**Task prompt**
Nothing but the pictures should be left out when the entries below are duplicated.

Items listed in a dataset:
--------

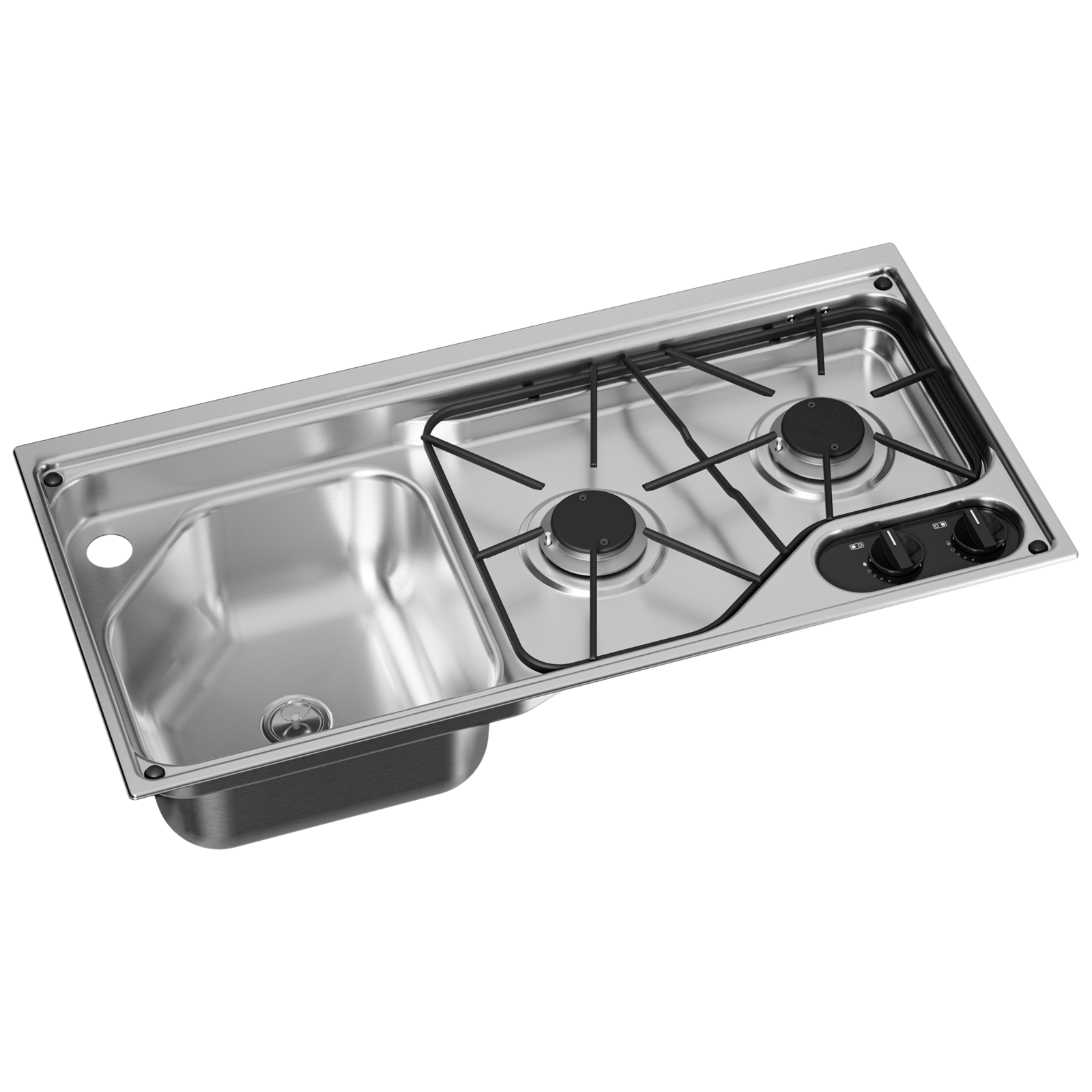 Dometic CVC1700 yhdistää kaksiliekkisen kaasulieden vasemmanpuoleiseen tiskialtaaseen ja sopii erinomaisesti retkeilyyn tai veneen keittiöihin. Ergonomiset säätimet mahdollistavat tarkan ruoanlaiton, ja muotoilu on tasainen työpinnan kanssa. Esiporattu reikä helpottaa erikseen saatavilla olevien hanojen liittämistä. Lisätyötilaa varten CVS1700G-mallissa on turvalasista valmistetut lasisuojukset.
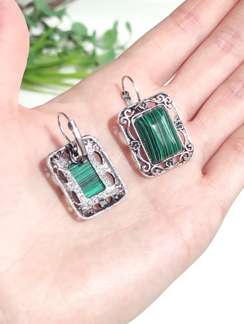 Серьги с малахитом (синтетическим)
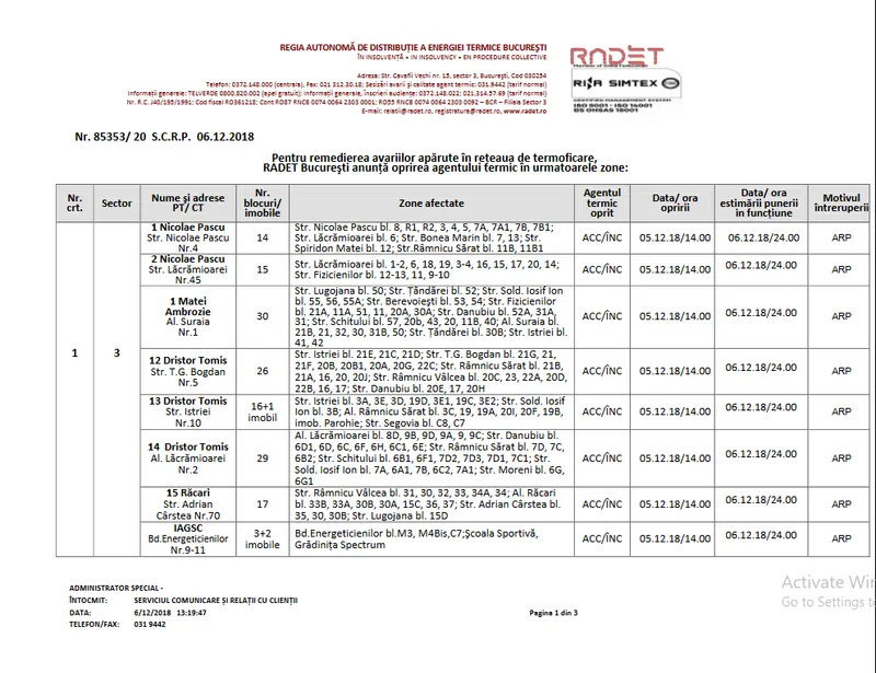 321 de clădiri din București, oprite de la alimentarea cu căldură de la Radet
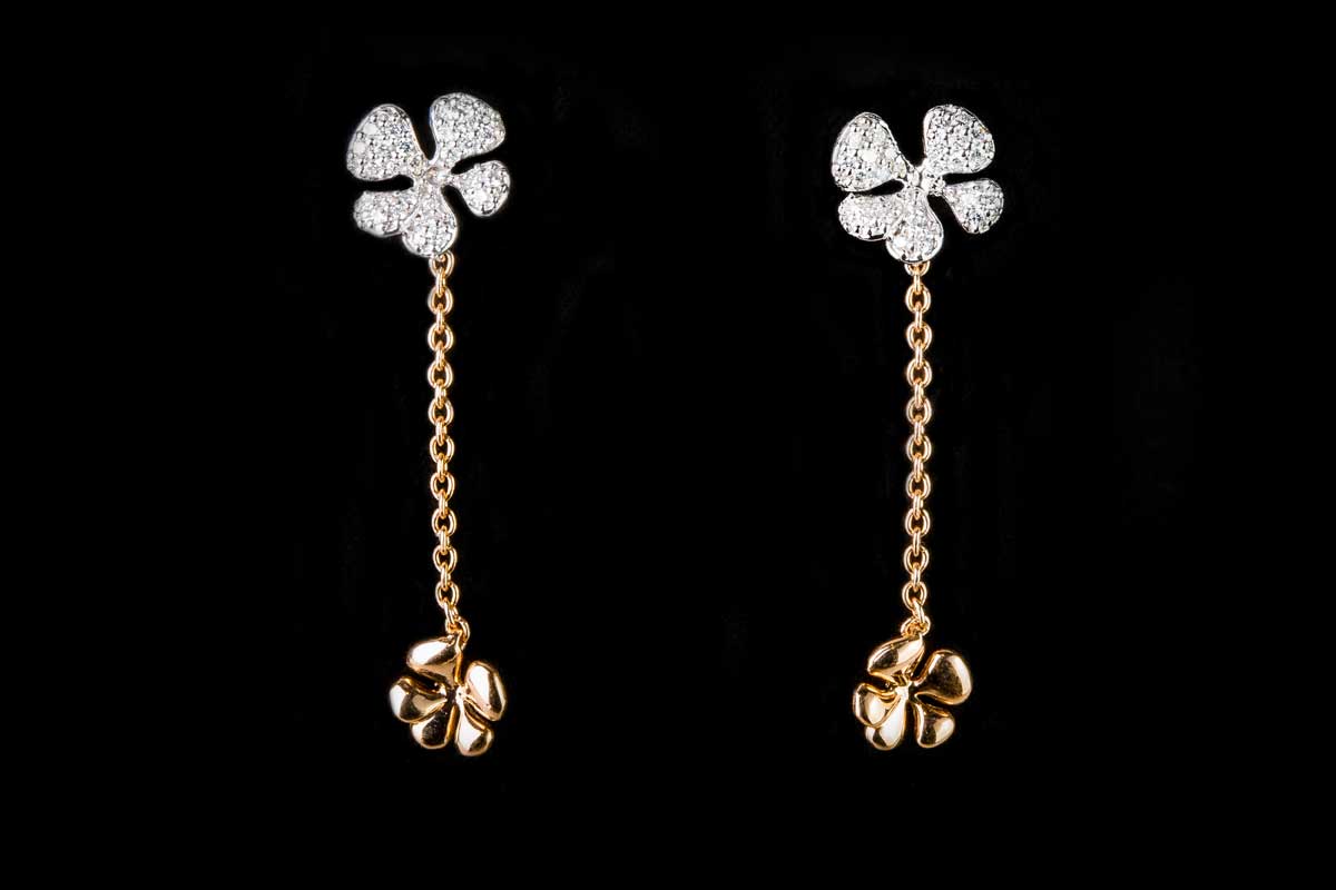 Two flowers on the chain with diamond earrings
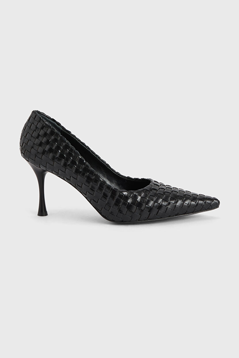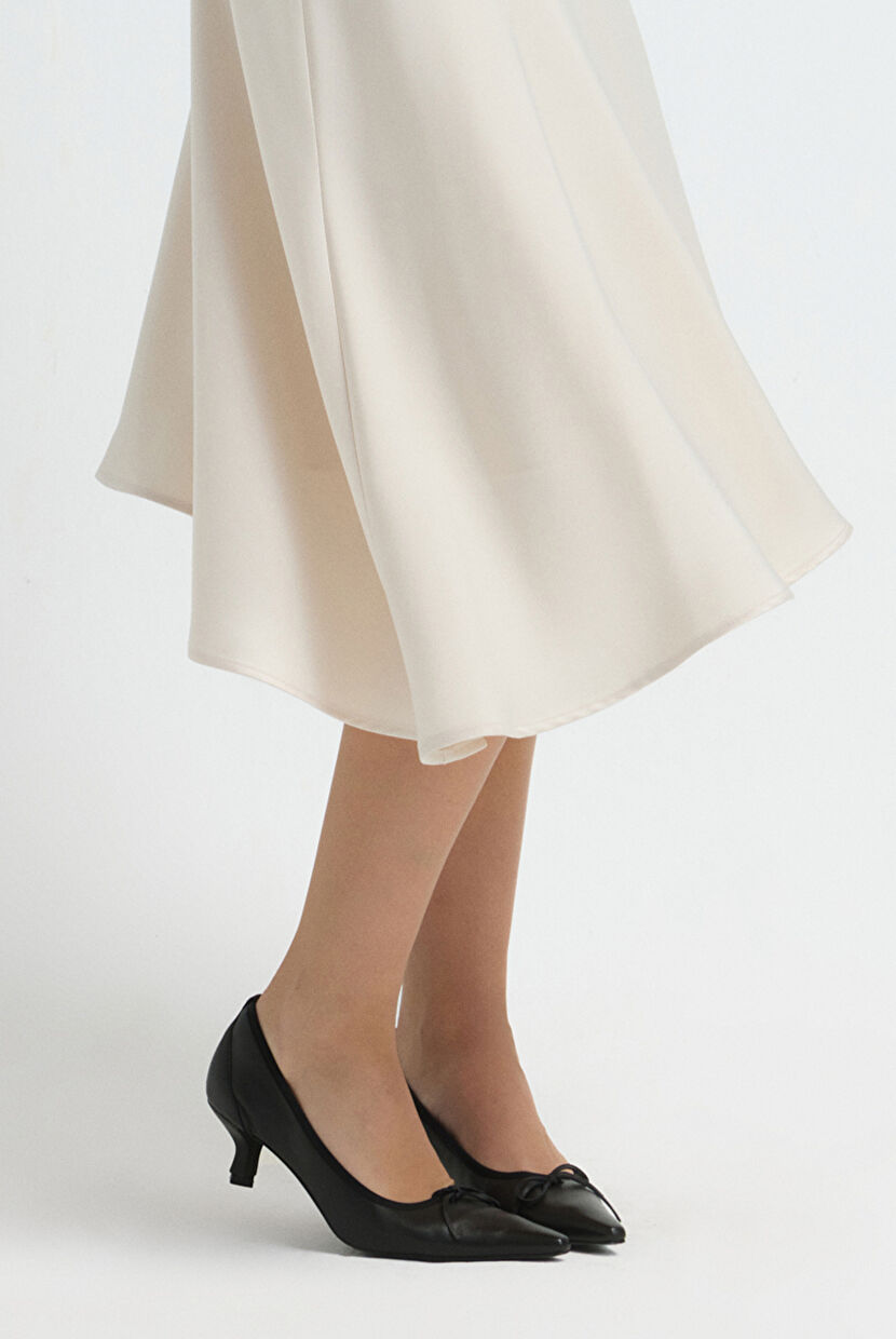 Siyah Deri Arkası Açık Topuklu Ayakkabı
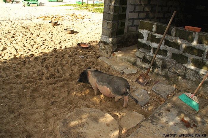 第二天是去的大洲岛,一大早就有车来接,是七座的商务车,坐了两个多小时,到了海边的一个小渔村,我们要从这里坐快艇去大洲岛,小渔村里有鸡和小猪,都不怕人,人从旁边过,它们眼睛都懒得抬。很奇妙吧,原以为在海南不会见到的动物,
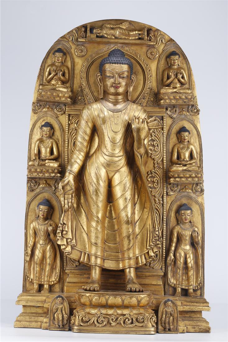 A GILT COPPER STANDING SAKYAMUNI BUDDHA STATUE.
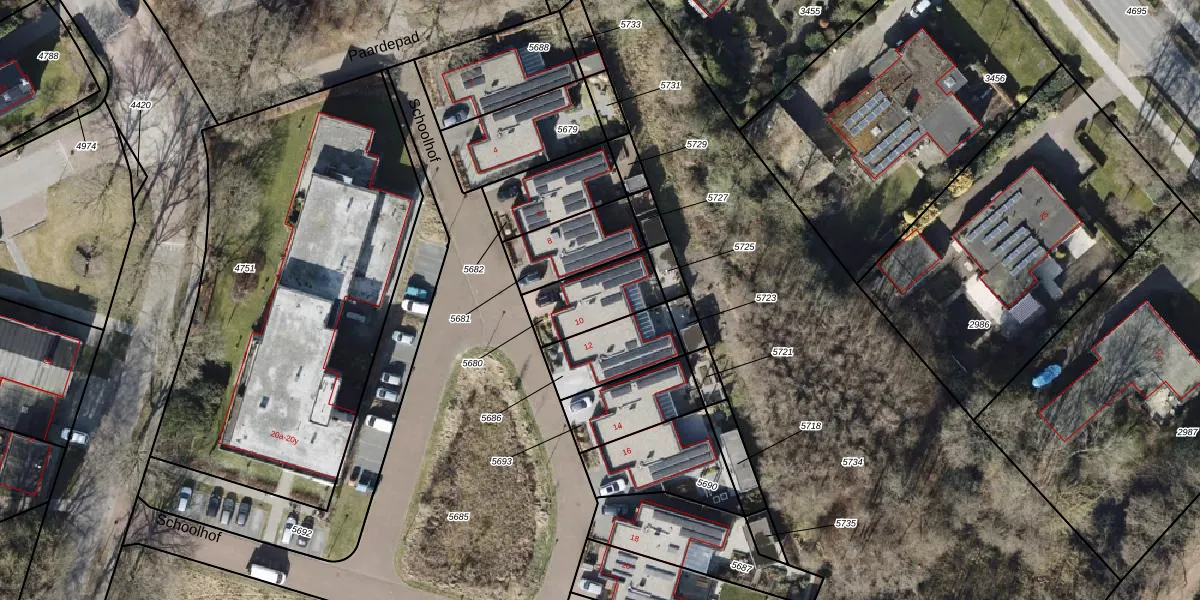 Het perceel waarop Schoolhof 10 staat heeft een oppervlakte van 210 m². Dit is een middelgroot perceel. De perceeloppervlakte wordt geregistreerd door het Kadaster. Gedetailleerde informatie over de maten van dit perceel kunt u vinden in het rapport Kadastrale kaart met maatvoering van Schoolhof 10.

--------

**Answer for the task**
 Dometic CVC1700 yhdistää kaksiliekkisen kaasulieden vasemmanpuoleiseen tiskialtaaseen ja sopii erinomaisesti retkeilyyn tai veneen keittiöihin. Ergonomiset säätimet mahdollistavat tarkan ruoanlaiton, ja muotoilu on tasainen työpinnan kanssa. Esiporattu reikä helpottaa erikseen saatavilla olevien hanojen liittämistä. Lisätyötilaa varten CVS1700G-mallissa on turvalasista valmistetut lasisuojukset.
 Серьги с малахитом (синтетическим)
 321 de clădiri din București, oprite de la alimentarea cu căldură de la Radet
 Two flowers on the chain with diamond earrings
 Siyah Deri Arkası Açık Topuklu Ayakkabı
 第二天是去的大洲岛,一大早就有车来接,是七座的商务车,坐了两个多小时,到了海边的一个小渔村,我们要从这里坐快艇去大洲岛,小渔村里有鸡和小猪,都不怕人,人从旁边过,它们眼睛都懒得抬。很奇妙吧,原以为在海南不会见到的动物,
 A GILT COPPER STANDING SAKYAMUNI BUDDHA STATUE.
 Het perceel waarop Schoolhof 10 staat heeft een oppervlakte van 210 m². Dit is een middelgroot perceel. De perceeloppervlakte wordt geregistreerd door het Kadaster. Gedetailleerde informatie over de maten van dit perceel kunt u vinden in het rapport Kadastrale kaart met maatvoering van Schoolhof 10.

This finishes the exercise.